I would like to use enhanced REP MOVSB (ERMSB) to get a high bandwidth for a custom memcpy
.
ERMSB was introduced with the Ivy Bridge microarchitecture
You say that you want:
an answer that shows when ERMSB is useful
But I'm not sure it means what you think it means. Looking at the 3.7.6.1 docs you link to, it explicitly says:
implementing memcpy using ERMSB might not reach the same level of throughput as using 256-bit or 128-bit AVX alternatives, depending on length and alignment factors.
So just because CPUID
indicates support for ERMSB, that isn't a guarantee that REP MOVSB will be the fastest way to copy memory. It just means it won't suck as bad as it has in some previous CPUs.
However just because there may be alternatives that can, under certain conditions, run faster doesn't mean that REP MOVSB is useless. Now that the performance penalties that this instruction used to incur are gone, it is potentially a useful instruction again.
Remember, it is a tiny bit of code (2 bytes!) compared to some of the more involved memcpy routines I have seen. Since loading and running big chunks of code also has a penalty (throwing some of your other code out of the cpu's cache), sometimes the 'benefit' of AVX et al is going to be offset by the impact it has on the rest of your code. Depends on what you are doing.
You also ask:
Why is the bandwidth so much lower with REP MOVSB? What can I do to improve it?

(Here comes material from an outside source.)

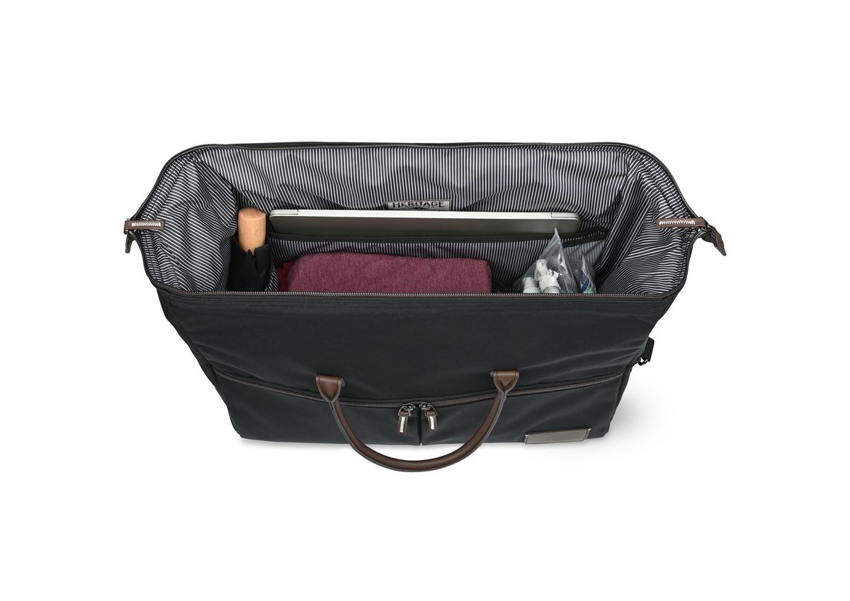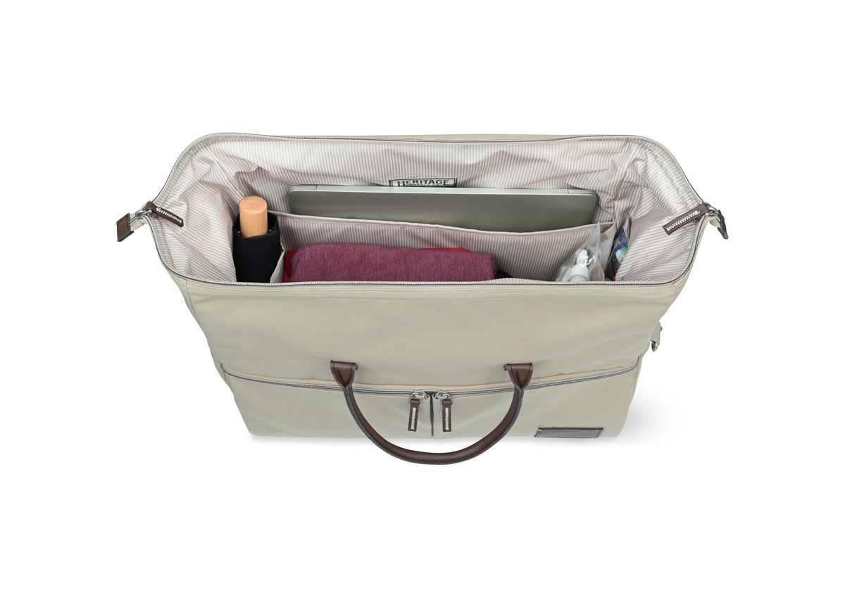 The Heritage Supply Co.™ Legacy Travel Weekender blends timeless craftsmanship with modern functionality. Designed from durable recycled materials, it offers smart organization for 1–3 days away, including a laptop sleeve and structured, wire-frame opening for easy packing. With vegan leather accents, signature hickory stripe lining, and thoughtful travel-ready details, it’s built for every journey in style.

It isn't going to be possible to "do something" to make REP MOVSB run any faster. It does what it does.
If you want the higher speeds you are seeing from from memcpy, you can dig up the source for it. It's out there somewhere. Or you can trace into it from a debugger and see the actual code paths being taken. My expectation is that it's using some of those AVX instructions to work with 128 or 256bits at a time.
Or you can just... Well, you asked us not to say it.